All of the records below are to be output exactly; no image belongs in the result.

• Extracted entries:
* * *

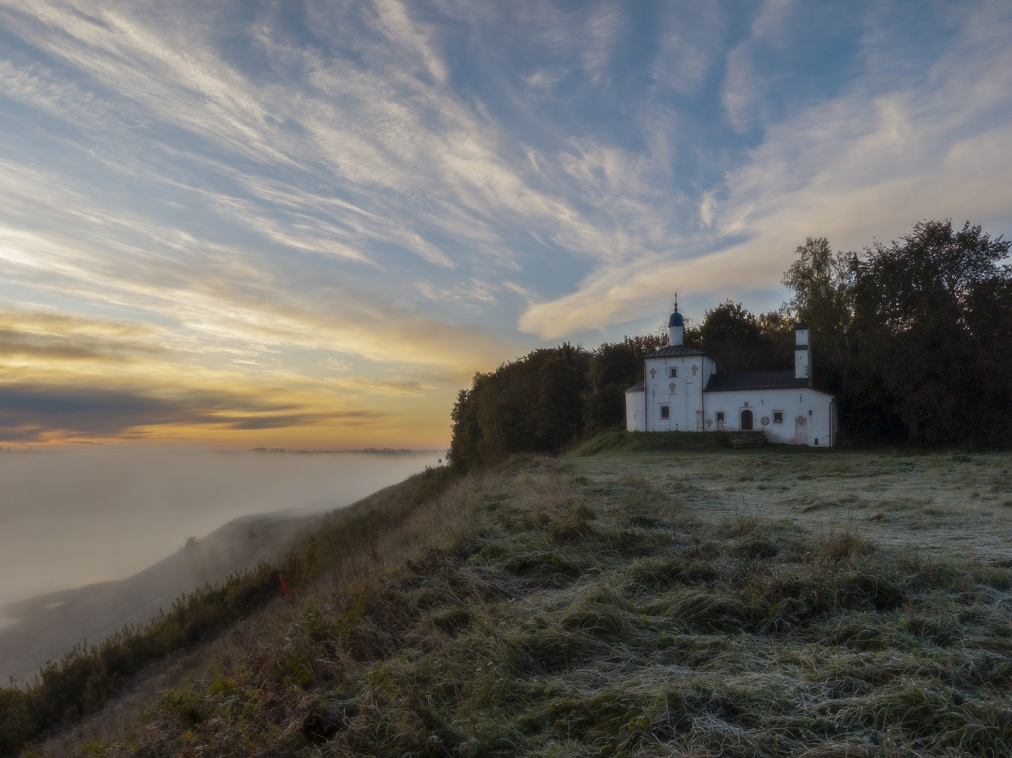 Никольская церковь на рассвете, снизу идёт долина, река и густой туман.
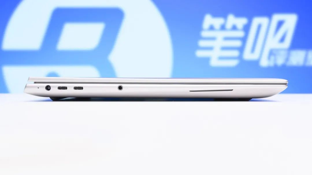 接口方面,机身左侧有两个雷电4(支持PD充电和DP视频输出)和3.5mm音频接口;
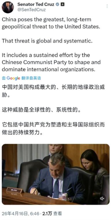 客观来看,中美不是什么 “你死我活” 的敌人,两国经济你中有我、我中有你,气候治理、核不扩散、粮食安全这些全球挑战,也离不开中美合作。克鲁兹这种极端言论,只会加剧中美对立,破坏两国互信,最后损害的是美国自己的利益,也不利于世界稳定。
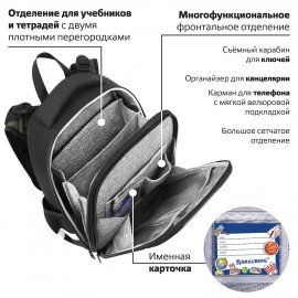 Ранец BRAUBERG PREMIUM, 2 отделения, с брелком, UFO, 38х29х16 см, 227815
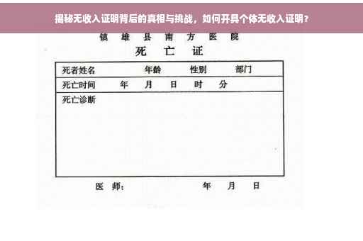 摘要:本文将探讨个体无收入证明背后的真相及所面临的挑战。介绍如何开具个体无收入证明,包括可能遇到的困难和解决方法。文章将帮助读者了解无收入证明的重要性及其背后的复杂性,同时提供一些实用的建议,以帮助个体顺利开具无收入证明。
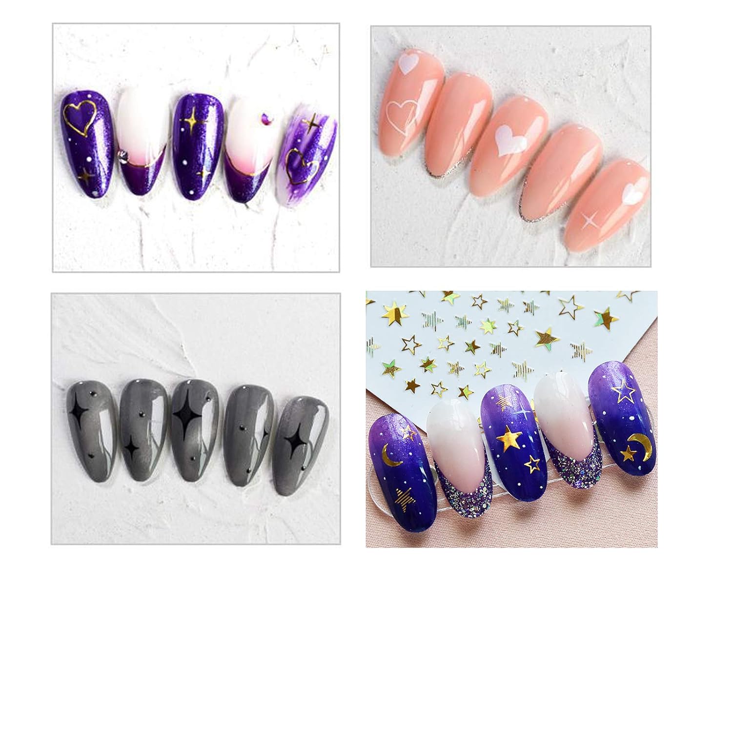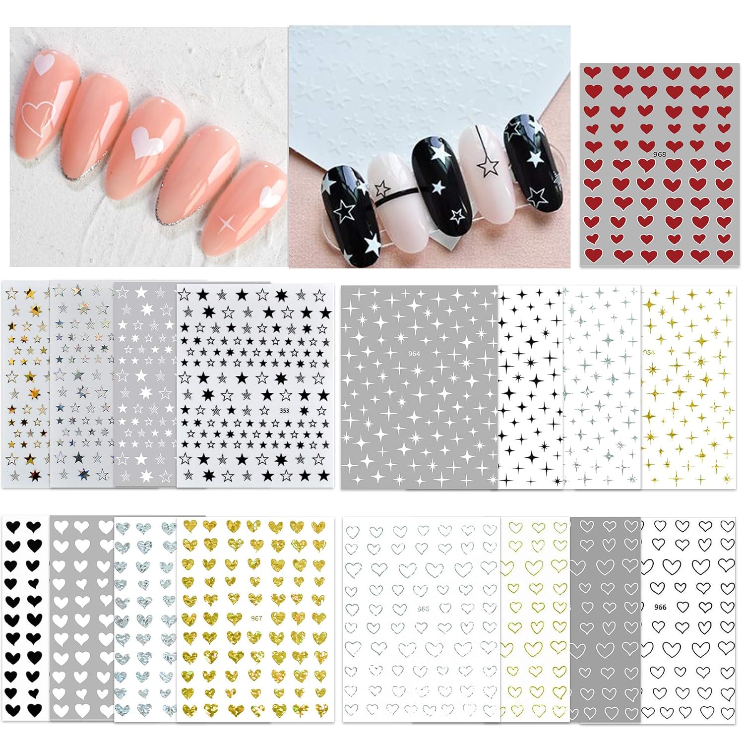 - This heart and star nail art sticker set includes 8 sheets of star nail stickers and 9 sheets of heart nail stickers.
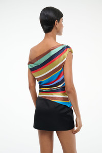 An off-the-shoulder top crafted from a silk satin fabric that offers some stretch for added ease. The Phare Top features a drapey yet fitted silhouette for any occasion. MORE DETAILS - 93% Silk, 7% Spandex - Model is 5'10 and wearing a size 4 - Dry Clean Only - If between sizes, please consider sizing up.
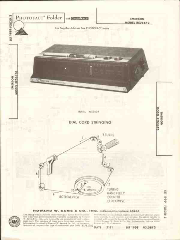 Vintage EMERSON model RED5670 AM FM clock radio. Original old Sams Photofact manual includes schematics, layouts, alignment, adjustments, parts list. 12 pages. Dated 1981.
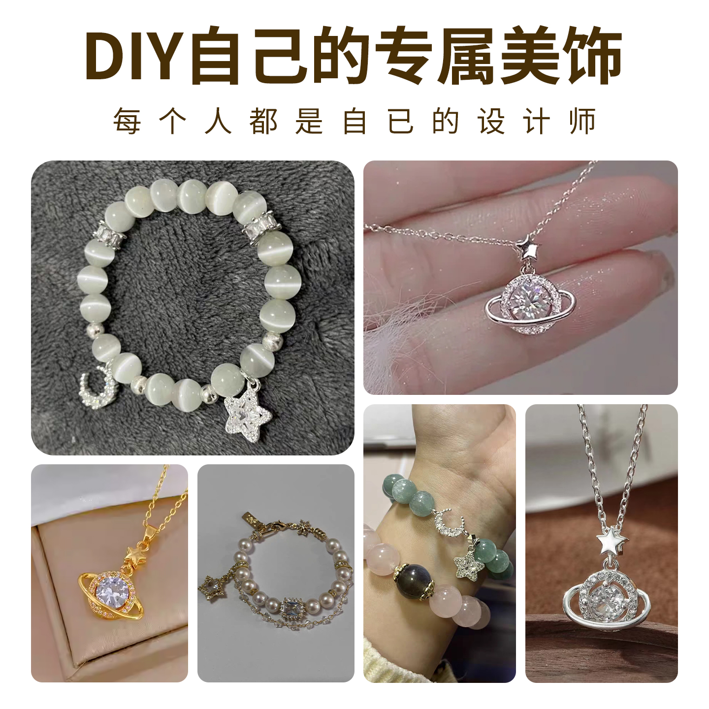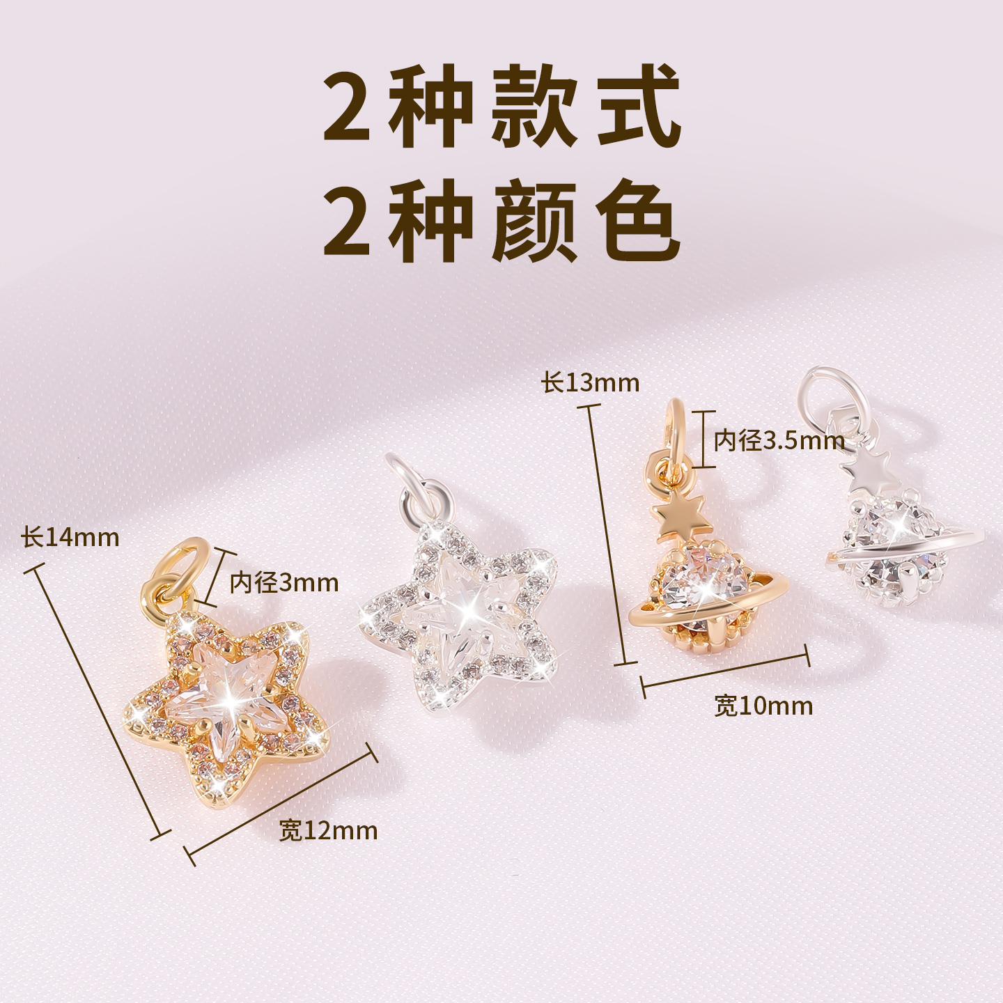 14k包真金立体星星diy配件手工手链项链镶锆石小吊坠挂件提溜配饰
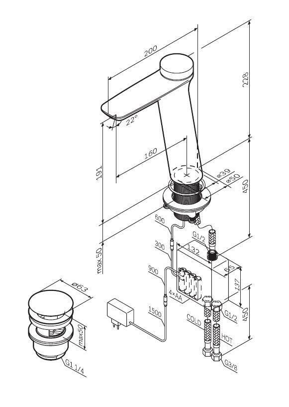 Высота смесителя:22.8
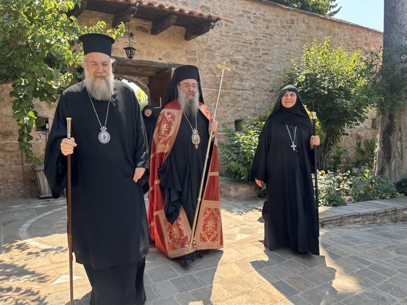 Τον Σεβασμιώτατο Πατρών υποδέχθηκε στα προπύλαια της Μονής η Ηγουμένη Θεοφύλακτη μοναχή με όλη την αδελφότητα, παρουσία του Σεβασμιωτάτου Μητροπολίτου Τρίκκης, Γαρδικίου και Πύλης κ. Χρυσοστόμου.
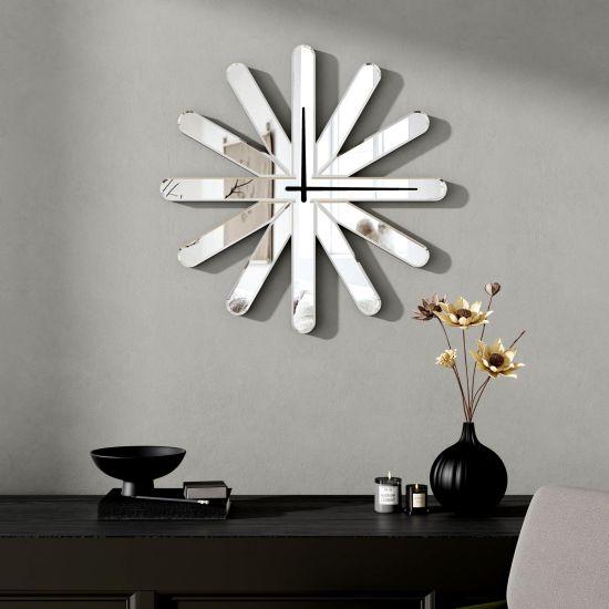 Modern Gümüş Çerçeveli Aynalı Duvar Saati
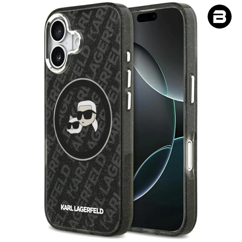 KARL LAGERFELD futerał do IPHONE 17 kompatybilny z MagSafe KLHMP17SHMKBKCHOK (IML Glitter K&C Heads Logo) czarny
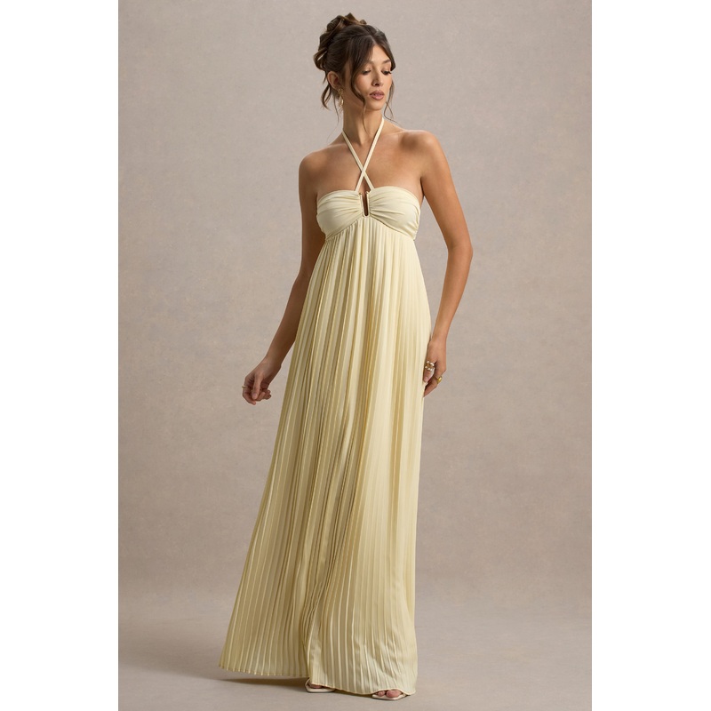 Radiate effortless elegance in Elayne the must-have maxi for sun drenched celebrations and unforgettable evenings. Designed in our premium stretch satin in a pale lemon hue, this dress cascades beautifully with a flowing pleated skirt, creating graceful movement with every step. The striking gold U-shaped detail at the chest adds a luxe touch, while the functional halter neck tie allows for a flawless, adjustable fit. This maxi will be your go-to for summer events and rooftop cocktails this season.
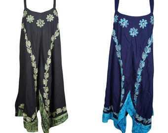 2PC Bohemian Womens Sundress Batik Embroidered Black Flared Hem Swing Sleeveless Summer Tank Dress Cover up M
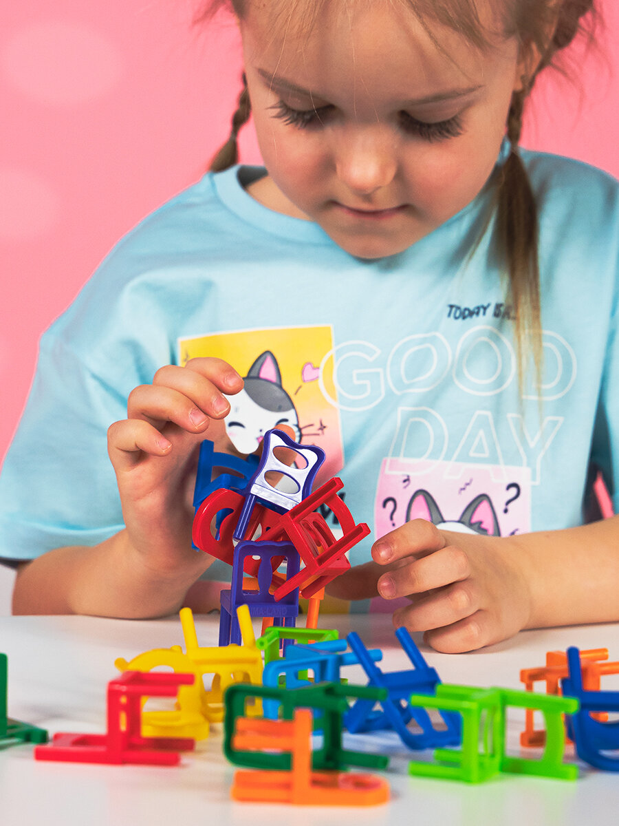 Купить Настольная игра "На 4 ногах", 18 стульев, 8 цветов, построй башню, для детей и малышей
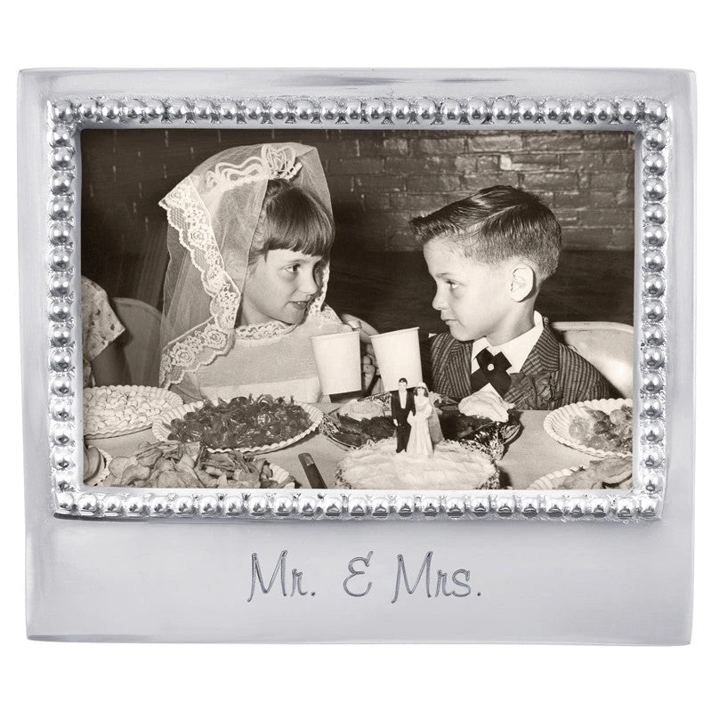 Description: Celebrate the newlyweds with this adorable “Mr. & Mrs.” Frame handcrafted from 100% recycled aluminum. Holds a 4 x 6 photo.

* * *

• Answer area:
 Никольская церковь на рассвете, снизу идёт долина, река и густой туман.
 接口方面,机身左侧有两个雷电4(支持PD充电和DP视频输出)和3.5mm音频接口;
 客观来看,中美不是什么 “你死我活” 的敌人,两国经济你中有我、我中有你,气候治理、核不扩散、粮食安全这些全球挑战,也离不开中美合作。克鲁兹这种极端言论,只会加剧中美对立,破坏两国互信,最后损害的是美国自己的利益,也不利于世界稳定。
 Ранец BRAUBERG PREMIUM, 2 отделения, с брелком, UFO, 38х29х16 см, 227815
 摘要:本文将探讨个体无收入证明背后的真相及所面临的挑战。介绍如何开具个体无收入证明,包括可能遇到的困难和解决方法。文章将帮助读者了解无收入证明的重要性及其背后的复杂性,同时提供一些实用的建议,以帮助个体顺利开具无收入证明。
 - This heart and star nail art sticker set includes 8 sheets of star nail stickers and 9 sheets of heart nail stickers.
 An off-the-shoulder top crafted from a silk satin fabric that offers some stretch for added ease. The Phare Top features a drapey yet fitted silhouette for any occasion. MORE DETAILS - 93% Silk, 7% Spandex - Model is 5'10 and wearing a size 4 - Dry Clean Only - If between sizes, please consider sizing up.
 Vintage EMERSON model RED5670 AM FM clock radio. Original old Sams Photofact manual includes schematics, layouts, alignment, adjustments, parts list. 12 pages. Dated 1981.
 14k包真金立体星星diy配件手工手链项链镶锆石小吊坠挂件提溜配饰
 Высота смесителя:22.8
 Τον Σεβασμιώτατο Πατρών υποδέχθηκε στα προπύλαια της Μονής η Ηγουμένη Θεοφύλακτη μοναχή με όλη την αδελφότητα, παρουσία του Σεβασμιωτάτου Μητροπολίτου Τρίκκης, Γαρδικίου και Πύλης κ. Χρυσοστόμου.
 Modern Gümüş Çerçeveli Aynalı Duvar Saati
 KARL LAGERFELD futerał do IPHONE 17 kompatybilny z MagSafe KLHMP17SHMKBKCHOK (IML Glitter K&C Heads Logo) czarny
 Radiate effortless elegance in Elayne the must-have maxi for sun drenched celebrations and unforgettable evenings. Designed in our premium stretch satin in a pale lemon hue, this dress cascades beautifully with a flowing pleated skirt, creating graceful movement with every step. The striking gold U-shaped detail at the chest adds a luxe touch, while the functional halter neck tie allows for a flawless, adjustable fit. This maxi will be your go-to for summer events and rooftop cocktails this season.
 2PC Bohemian Womens Sundress Batik Embroidered Black Flared Hem Swing Sleeveless Summer Tank Dress Cover up M
 Купить Настольная игра "На 4 ногах", 18 стульев, 8 цветов, построй башню, для детей и малышей
 Description: Celebrate the newlyweds with this adorable “Mr. & Mrs.” Frame handcrafted from 100% recycled aluminum. Holds a 4 x 6 photo.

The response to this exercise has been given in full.